As a result, the main function of concat is very simple.

main = processfiles (\name handle -> fcopy handle stdout)

This implementation of fcopy is shortened by using the bind monadic operator from:

-- fcopy hin hout = do { text <- hGetContents hin; hPutStr hout text }

A third alternative implementation, based largely on the typings and higher-order equational thinking, is:

-- openstrings :: IO [String] -> IO [IO Handle]
-- openstrings = liftM (map ((flip mustopen) IO.ReadMode))
--
-- filehandles :: IO [IO Handle]
-- filehandles = openstrings getArgs
--
-- copynclose :: IO Handle -> IO (IO ())
-- copynclose = liftM (\h -> do { fcopy h stdout; close h })
--
-- copynclosehandles :: IO [IO Handle] -> IO [IO ()]
-- copynclosehandles = liftM (map (join . copynclose))
--
-- main = join ((liftM sequence_) (copynclosehandles filehandles))
  • openstrings constructs a function that maps a list of strings to a list of open filehandles, then lifts that function into the IO monad. (A good bit of the complexity involves the fact that the result is an action that returns a list of actions opening file handles.)
  • filehandles applies openstrings to the standard getArgs.
  • copynclose builds a function which takes a file handle, copies the contents to stdout, then closes it. Then, it lifts that function into the IO monad, resulting in a function that takes an action returning a file handle and produces a function returning an action which produces a void IO action.
  • copynclosehandles uses join to fix the nested actions of copynclose, and maps the resulting function across a list of IO Handles. Then, it lifts that function into the IO monad.
  • Finally, main applies copynclosehandles to filehandles, resulting in an action that produces a list of actions. Then sequence_ (which deals with lists of actions) is lifted into the IO monad and applied, and join is used to fix the resulting nesting.
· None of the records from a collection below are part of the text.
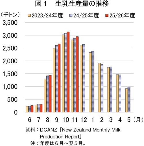 ニュージーランド乳業協会(DCANZ)によると、2025年11月の生乳生産量は294万7000トン(前年同月比2.4%増)とわずかに増加した(図1)。また、2025/26年度(6月〜翌5月)の11月までの生乳生産量も、1075万9000トン(前年同期比2.3%増)と前年同期を上回って推移している。
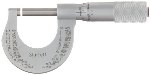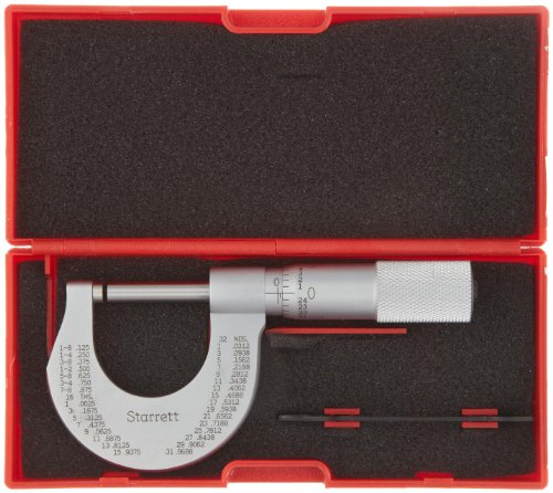 Starrett 230P Outside Micrometer, Plain Thimble, 0-1" Range, 0.001" Graduation, +/-0.0001" Accuracy
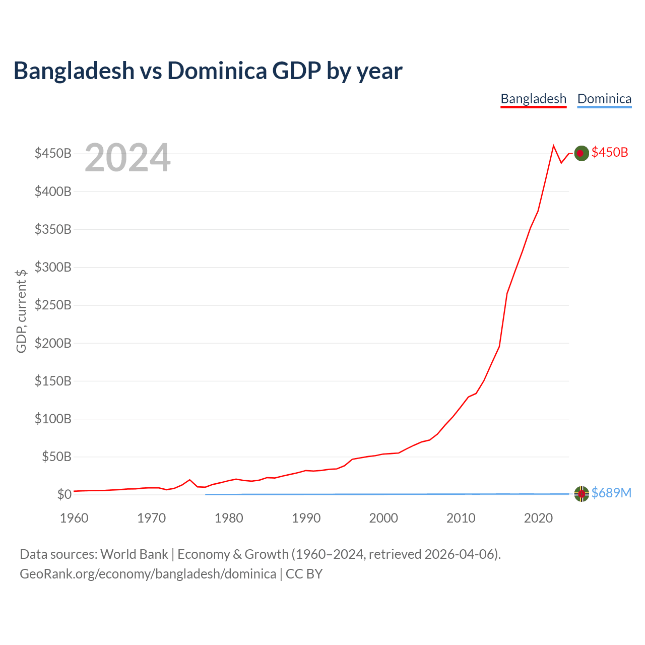 Bangladesh has a GDP of $450B compared to $689M for Dominica, ranking 36/197 and 190/197 by economy size, respectively.
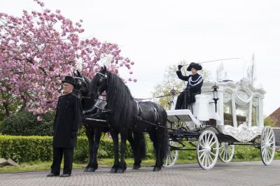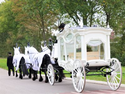 Sinds oktober 2020 hebben wij deze volledig authentiek gerestaureerde witte rouwkoets aan onze collectie mogen toevoegen. Deze witte rouwkoets bevat prachtig houtsnijwerk en is heel mooi gestoffeerd met witte rouwgordijnen en een hemel. De koets heeft hierdoor een extra stijlvolle uitstraling. De koets kan worden getrokken door twee of vier Friese paarden. De uitstekend verzorgde paarden zijn bespannen met prachtige, luxe lakleren gareeltuigen. Indien gewenst kunnen de paarden worden getooid met witte of zwarte kleden, kappen en pluimen. De koetsier en voorloper gaan stijlvol gekleed in zwarte koetsiersjassen met witte tressen. Zij zullen de opdracht stapvoets uitvoeren; bij langere afstanden zal in overleg een deel van de route in draf worden afgelegd. Het rijden met eigen paarden door u of door ons, of het rijden met eigen koetsier is mogelijk.
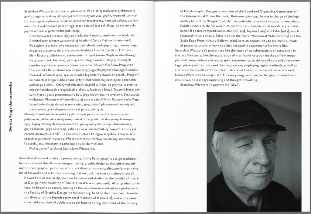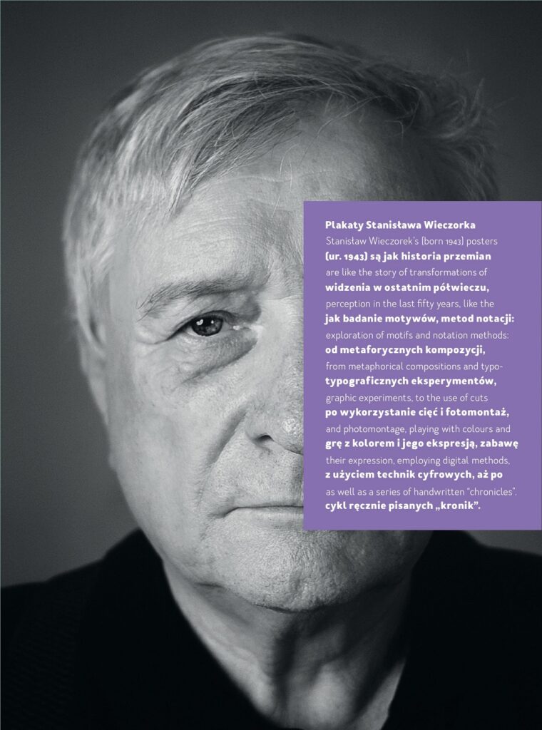 Kolejny minialbum popularnej serii Plakaty, współtworzonej z Akademią Sztuk Pięknych, poświęcony został osobie Stanisława Wieczorka (ur. 1943 r.) – wszechstronnego artysty: malarza, rysownika, grafika, scenografa i projektanta. Od początku swojej pracy twórczej związany jest z warszawskim oddziałem wspomnianej ASP, gdzie wielokrotnie pełnił funkcję prodziekana i dziekana Wydziału Grafiki. Był także kierownikiem artystycznym w Wydawnictwach Artystyczno-Graficznych (1969–1975) i dyrektorem artystycznym dwumiesięcznika „Projekt” (1984–1992). Wielokrotnie doceniany i wyróżniany, m.in. nagrodą Ministra Kultury i Sztuki oraz Honorową Odznaką „Zasłużony dla Kultury Polskiej”, prezentował swoje prace na licznych wystawach zarówno w Polsce, jak i za granicą.
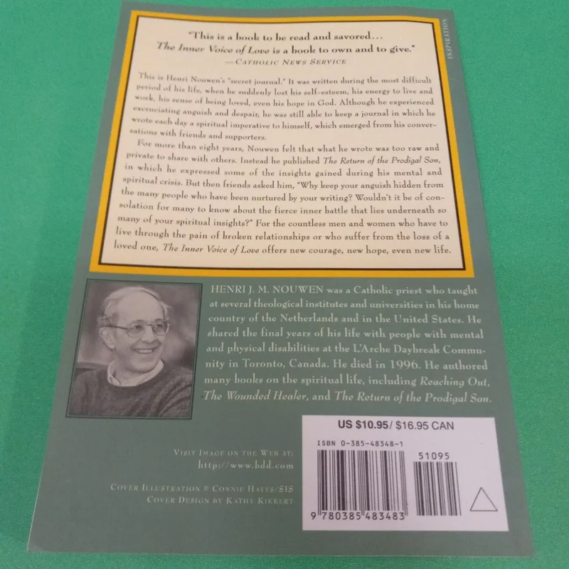 The Inner Voice of Love: A Journey Through Anguish to Freedom is a collection of passages from Henri Nouwen’s journals, written during a period when his self-esteem evaporated, his energy to work disappeared, and God seemed entirely unreal. This is not a book to be read straight through: each short chapter takes time to digest, because, like the following passage, each of Nouwen’s thoughts has the raw complexity of real honesty:Your body needs to be held and to hold, to be touched and to touch. None of these needs is to be despised, denied, or repressed. But you have to keep searching for your body’s deeper need, the need for genuine love. Every time you are able to go beyond the body’s superficial desires for love, you are bringing your body home and moving toward integration and unity.–Michael Joseph Gross
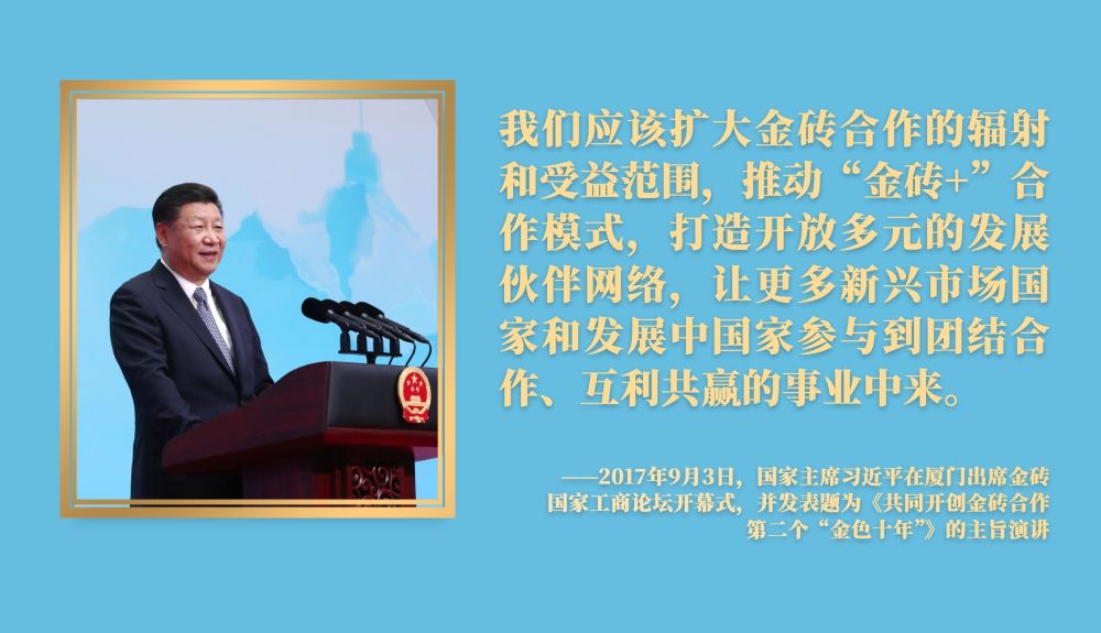 面向未来,金砖国家敞开大门谋发展、张开怀抱促合作。中国将携手金砖伙伴,推动“大金砖合作”不断取得新成果。

After looking at this alternative (and seeing it work), and looking at the original Pascal (and the Haskell translation), I am now driving a truck for a living.

A fourth, less radical, alternative is:

-- openstrings :: [String] -> [IO Handle]
-- openstrings = map ((flip mustopen) IO.ReadMode)
--
-- copynclose :: Handle -> IO ()
-- copynclose h = do { fcopy h stdout; close h }
--
-- main = do
--        args <- getArgs
--        handles <- sequence (openstrings args)
--        sequence_ (map copynclose handles)

It is still pretty weird.

File printer

Printing (somewhat) prettily a number of files to stdout really is fairly similar to concatenating them.

PROGRAM

  fileprint - print files with headings

USAGE

  fileprint [ file ... ]

FUNCTION

  fileprint copies each of its argument files in turn to its
  output, inserting page headers and footers and filling the
  last page of each file to full length.  A header consists of
  two blank lines, a line giving the filename and page number,
  and two more blank lines; a footer consists of two blank
  lines.  Pages for each file are numbered starting at one.  If
  no arguments are specified, fileprint prints its standard
  input; the file name is null.

  The text of each file is unmodified---no attempt is made to
  fold long lines or expand tabs to spaces.

EXAMPLE

  fileprint print.p fprint.p

fprint lazily reads the contents of the incoming handle, then prints each page by first printing the page header followed by a page's worth of text followed by the footer; it recurses to collect all of the incoming text.

fprint :: String -> Handle -> IO ()
fprint name handle = do
                     text <- hGetContents handle
                     putStr $ onePage 1 $ lines text
    where
    onePage :: Integer -> [String] -> String
    onePage _ [] = ""
    onePage p lns = head ++ unlines this_page ++ foot ++ onePage (p+1) rest
        where
        (this_page,rest) = splitAt page_lines lns
        head = heading p
        foot = footing (footer_sz + page_lines - (length this_page))

    -- heading: a simple page heading
    heading pn = margin1 ++ name ++ " Page " ++ (show pn) ++ "\n" ++ margin2
        where
        margin1 = replicate fp_margin1 '\n'
        margin2 = replicate fp_margin2 '\n'

    -- footer: a simple page footer
    footing lns = replicate lns '\n'

    -- formatting constants
    page_lines = fp_bottom - (fp_margin1 + fp_margin2 + 1)
    footer_sz  = fp_pagelen - fp_bottom
    fp_margin1 = 2
    fp_margin2 = 2
    fp_bottom  = 64
    fp_pagelen = 66

Given fprint and processfiles, the main function is as simple as concat's.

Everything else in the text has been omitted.